As I begin the process of scouting out possible “nooks” in my own library, I’m trying to keep in mind not only what will work today for our users, but how this space can evolve and adapt to the community of users as they grow, as technology changes, and as populations shift. 

Although, at this point, I’d be happy to start off with a rug and some cushions!  Baby steps.

A Shhhhhh-Free Zone: Is it Possible?


In a public library serving a diverse population consisting of both children and adults, the issue of noise level inevitably comes up.  As a children’s librarian concerned with creating a space that both inspires creative exploration and in-depth learning, I sometimes find it hard to strike the right balance between tomb-like silence and a marching band practice.  I like to think the children’s room should ideally have a “constructive hum.”  But add crying babies, the pitter-patter of toddler feet, beeping computers, and the ambient noise from passing fire engines and nearby construction zones, and it becomes hard to keep things to a low roar- nevermind a “hum.”

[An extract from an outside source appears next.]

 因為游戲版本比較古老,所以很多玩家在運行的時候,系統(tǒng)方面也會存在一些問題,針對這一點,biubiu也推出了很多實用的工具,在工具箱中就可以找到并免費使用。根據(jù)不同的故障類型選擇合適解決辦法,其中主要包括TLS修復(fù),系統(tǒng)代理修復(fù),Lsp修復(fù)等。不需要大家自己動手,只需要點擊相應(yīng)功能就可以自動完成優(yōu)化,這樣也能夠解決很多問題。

Generally, I don’t have a problem with noise.  If a baby is entering their babbling phase and needs to repeat “ba! ba! ba! ba!”, or a toddler wants to bang a board book on the floor, or a child is starting to read aloud for the first time, or a group of 5th graders are collaborating on a project, I don’t think the librarian should be concerned with shushing them.  All of the above are learning activities- essential to the development and stimulation of a child’s growing mind. 

And yet, very often, librarians do just that. Even me. And while a child having a temper tantrum is quite different than an impromptu read-aloud, I nevertheless find myself shushing kids when I wish I could just soundproof the room and let them be kids. While keeping everyone- including adults trying to find a bit of peace and quiet- happy and comfortable, is a Shhh-Free Zone possible? Being that my own library is over 100 years old, has an open stairway, and has absolutely no carpeting and lots of wood- it’s a virtual echo chamber. Carnegie Hall envys our acoustics.

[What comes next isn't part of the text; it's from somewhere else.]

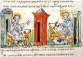 Известно, что среди древнерусских книжников было особенно много не только духовных лиц, но также бояр, князей и княгинь. Образованнейшим человеком своего времени являлся князь Владимир Мономах, покровительствовавший литературе, летописанию, имевший собственные литературные опыты. Его знаменитое «Поучение» дошло до нас в единственном списке в составе «Лаврентьевской летописи»[5]. Князь Всеволод Ярославич, отец Мономахов, был также весьма образован: «дома сидя, знал пять языков, оттого и честь от других стран»[6]. Любовью к грамоте и собиранию книг отличался и князь Никола Святоша, внук того Святослава Ярославича, что «книгами наполнил клети свои»[7]. Никола постригся в монахи в Киево-Печерском монастыре и свое богатое книжное собрание принес в дар обители. Он стал одним из первых русских святых княжеского рода, просиявших в лике преподобных, первым князем-иноком Древней Руси.

So, I ask you smart, creative librarians out there: what is your noise policy? In a perfect world, all children’s rooms would be separate and soundproofed and ideally have distinct sections for babies and toddlers, beginning readers, and older kids. In lieu of perfection, what solutions have you found? Can shushing ever be wholey abandoned? Or are we doomed to forever hold our fingers to our lips and remind our little users about “library voices”?

New Literacy Playground in Toronto!

via Walter over at The Monkey Speaks.

The new children’s area of the S.Walter Stewart branch of the Toronto Public Library is designed around the 6 Pre-Literacy Skills developed by the Every Child Ready to Read program.  The new space features an indoor “literacy playground” equipped with a wall of blocks, a puppet theater, toddler computers, and giant books.

Leave it to Canadians to come up with something this awesome, eh?